EXERCISE GOAL:
Range to repeat from the listing below: the line containing "Seeing as you" down to the line containing "Grand plat rond", both included. Copy it exactly, pictures excluded, and add nothing else.
----- DATA EXCERPTS -----
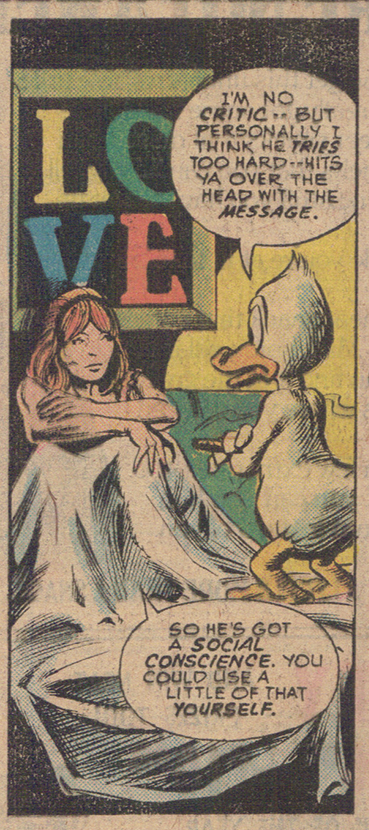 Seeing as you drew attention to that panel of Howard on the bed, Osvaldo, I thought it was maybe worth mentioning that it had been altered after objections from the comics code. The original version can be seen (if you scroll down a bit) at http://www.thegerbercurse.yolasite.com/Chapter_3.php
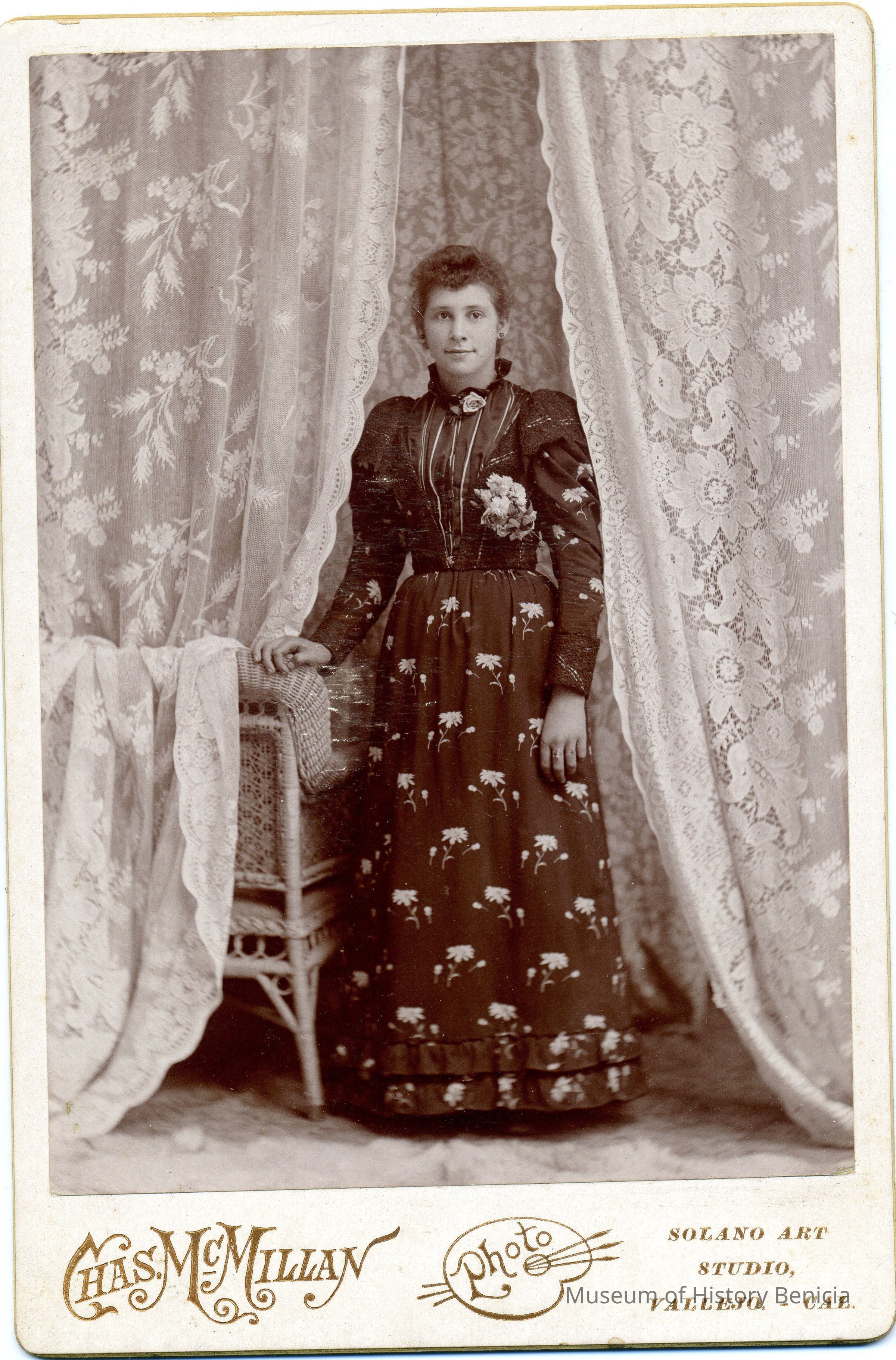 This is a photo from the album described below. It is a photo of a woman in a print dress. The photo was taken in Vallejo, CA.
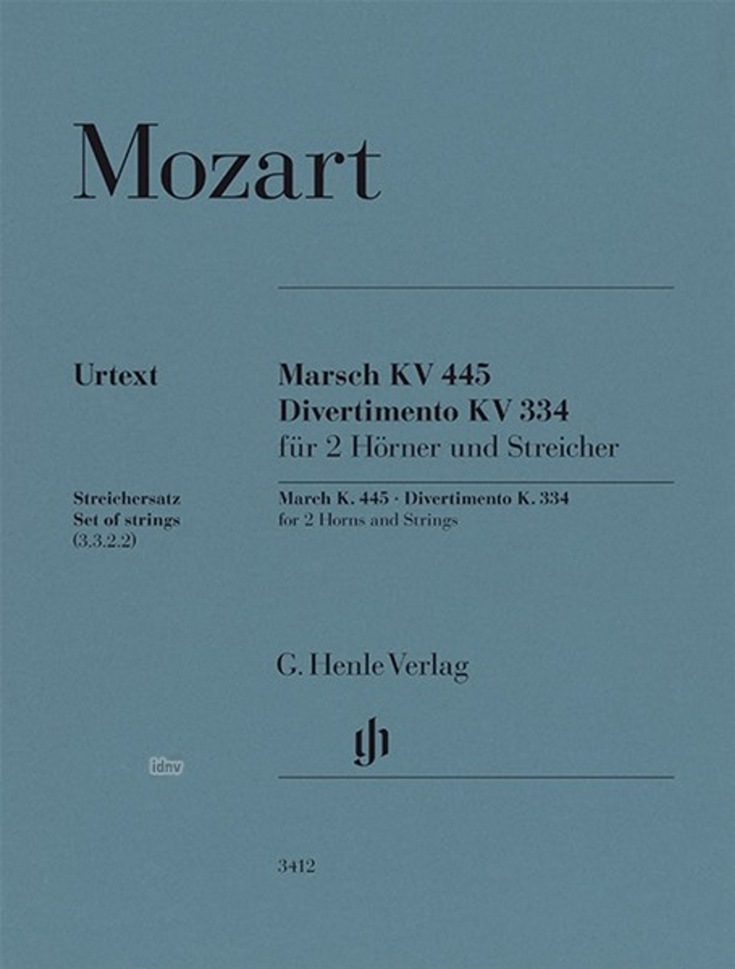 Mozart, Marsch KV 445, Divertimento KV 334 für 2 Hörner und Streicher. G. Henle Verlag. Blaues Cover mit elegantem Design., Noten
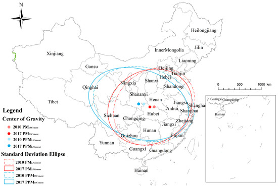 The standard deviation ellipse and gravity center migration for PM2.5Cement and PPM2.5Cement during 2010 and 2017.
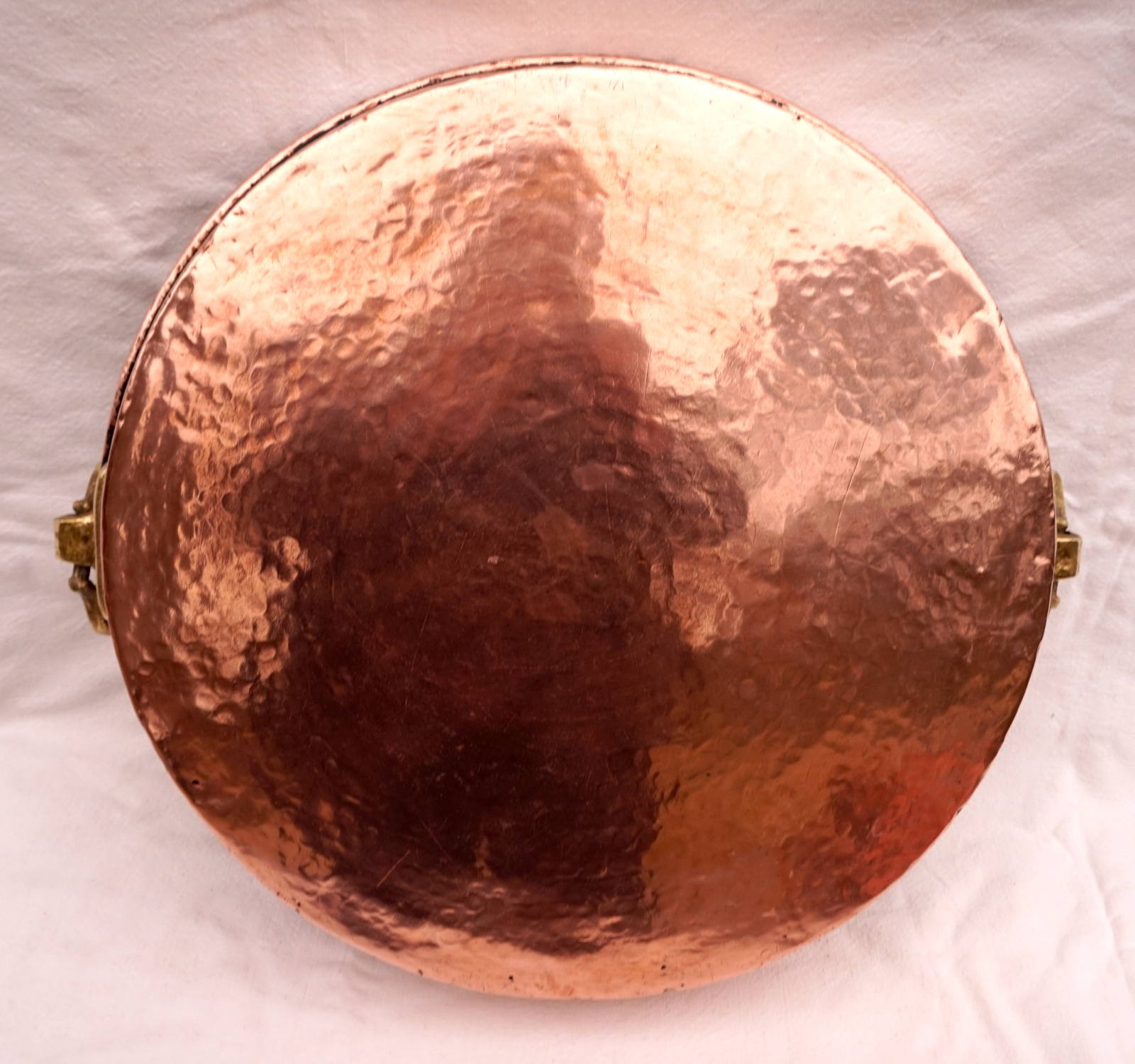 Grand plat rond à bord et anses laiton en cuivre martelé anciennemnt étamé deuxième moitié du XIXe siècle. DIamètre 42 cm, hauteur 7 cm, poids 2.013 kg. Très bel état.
-----
----- DATA EXCERPTS -----
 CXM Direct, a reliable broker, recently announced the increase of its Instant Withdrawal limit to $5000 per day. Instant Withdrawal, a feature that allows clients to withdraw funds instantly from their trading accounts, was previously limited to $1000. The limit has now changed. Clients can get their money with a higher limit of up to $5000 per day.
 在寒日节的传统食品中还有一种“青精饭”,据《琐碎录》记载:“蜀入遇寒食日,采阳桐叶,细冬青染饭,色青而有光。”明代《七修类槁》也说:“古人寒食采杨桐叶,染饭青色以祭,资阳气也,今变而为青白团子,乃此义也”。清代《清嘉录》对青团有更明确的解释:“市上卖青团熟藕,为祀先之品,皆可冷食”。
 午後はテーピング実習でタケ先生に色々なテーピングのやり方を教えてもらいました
-----
ANSWER AREA:
 Seeing as you drew attention to that panel of Howard on the bed, Osvaldo, I thought it was maybe worth mentioning that it had been altered after objections from the comics code. The original version can be seen (if you scroll down a bit) at http://www.thegerbercurse.yolasite.com/Chapter_3.php
 This is a photo from the album described below. It is a photo of a woman in a print dress. The photo was taken in Vallejo, CA.
 Mozart, Marsch KV 445, Divertimento KV 334 für 2 Hörner und Streicher. G. Henle Verlag. Blaues Cover mit elegantem Design., Noten
 The standard deviation ellipse and gravity center migration for PM2.5Cement and PPM2.5Cement during 2010 and 2017.
 Grand plat rond à bord et anses laiton en cuivre martelé anciennemnt étamé deuxième moitié du XIXe siècle. DIamètre 42 cm, hauteur 7 cm, poids 2.013 kg. Très bel état.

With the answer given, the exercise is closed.